La justice n'a pas le pouvoir de s'opposer aux suppressions d'emplois, mais elle peut améliorer les conditions de départ. Depuis le début de la crise, plusieurs sociétés implantées en France ont, en effet, dû réécrire les plans sociaux qu'elles avaient présentés car ils ne respectaient pas certaines dispositions du code du travail.
1- Fin 2008, le géant américain de services pétroliers Halliburton avait annoncé la fermeture d'une unité de production à Pau (Pyrénées-Atlantiques). Les salariés ont saisi le tribunal de grande instance (TGI), jugeant insuffisantes les mesures d'accompagnement social proposées par leur employeur. Le juge leur a donné raison.

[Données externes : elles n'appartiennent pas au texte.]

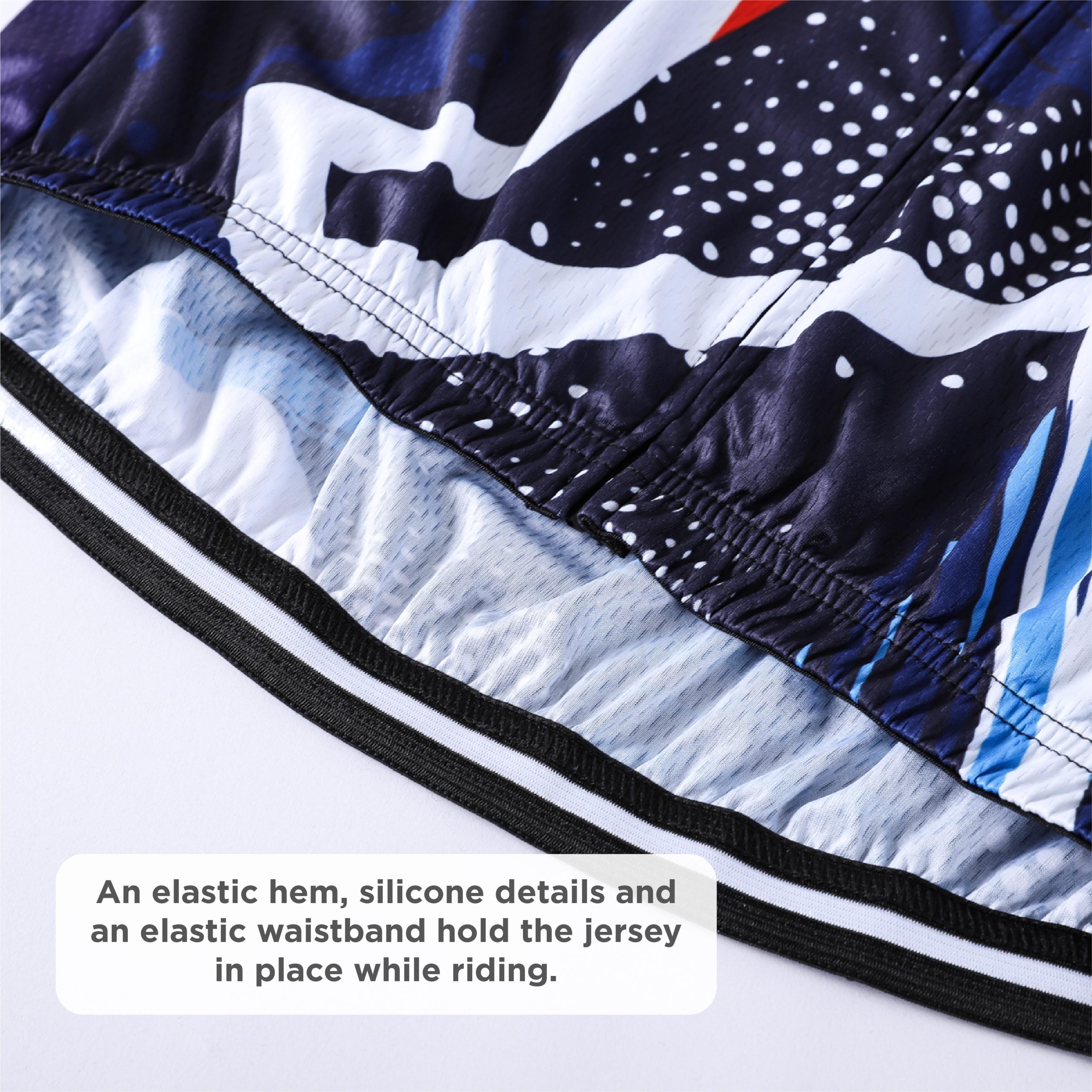 - 3 standard pockets on the back of the jersey, convenient for storing cycling essentials
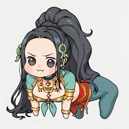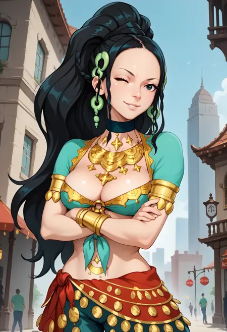 - Default appearance: l0tus, black hair, high ponytail, long hair, hair ornament, black eyes, choker, cyan shirt, crop top, front-tie top, o-ring, cleavage, large breasts, necklace, short sleeves, armlet, gold bracelet, midriff, navel piercing, crescent, red sash, blue pants, sandals, high heels

Du coup, Halliburton a revu sa copie : augmentation de la durée des congés de reclassement et du budget alloué à la formation, prise en charge des frais de déménagement engagés par des salariés qui vont travailler dans une autre ville, versement d'"indemnités supralégales"...
2- Janvier 2009, le TGI de Nanterre, saisi en référé, a suspendu l'application du "plan de sauvegarde de l'emploi" (PSE) mis en place par le groupe de services informatiques Capgemini. Il prévoyait de réduire d'environ 250 postes l'activité outsourcing (sous-traitance informatique ou administrative), via des départs volontaires et des réaffectations vers d'autres fonctions au sein du groupe. Les juges ont notamment estimé que les "institutions représentatives du personnel" n'avaient pas été assez bien informées sur "la pertinence et les mesures" prises. Ils ont également reproché à Capgemini de méconnaître un accord de gestion prévisionnelle des emplois et des compétences (GPEC) signé en 2005. Finalement, la direction et les syndicats ont réussi à s'entendre sur une nouvelle mouture du plan.
3- A Montauban (Tarn-et-Garonne), le fabricant de matériels de sonorisation Bouyer Fünkwerk a essuyé un revers encore plus cinglant puisque les juges ont annulé le PSE qui prévoyait de supprimer 68 postes sur 134. Les reclassements proposés "manquaient de consistance". La décision a été confirmée en appel mais les dirigeants de Bouyer Fünkwerk ont formé un pourvoi en cassation car ils considèrent avoir amélioré leur PSE. Si leur recours est rejeté par la haute juridiction, ils seront "renvoyés à la case départ" et devront reprendre la procédure depuis le début.
Depuis plusieurs années, ces recours ont tendance à prospérer, d'après Me Brihi, et débouchent, parfois, sur des décisions spectaculaires. Ainsi, 388 anciens salariés de l'usine Aspocomp à Evreux se sont partagé 11 millions d'euros de dommages et intérêts pour licenciement abusif. Fin janvier, General Trailers, ex-fabricant de semi-remorques, a été condamné, pour des raisons similaires, à verser 3,6 millions d'euros à 84 salariés licenciés en 2004.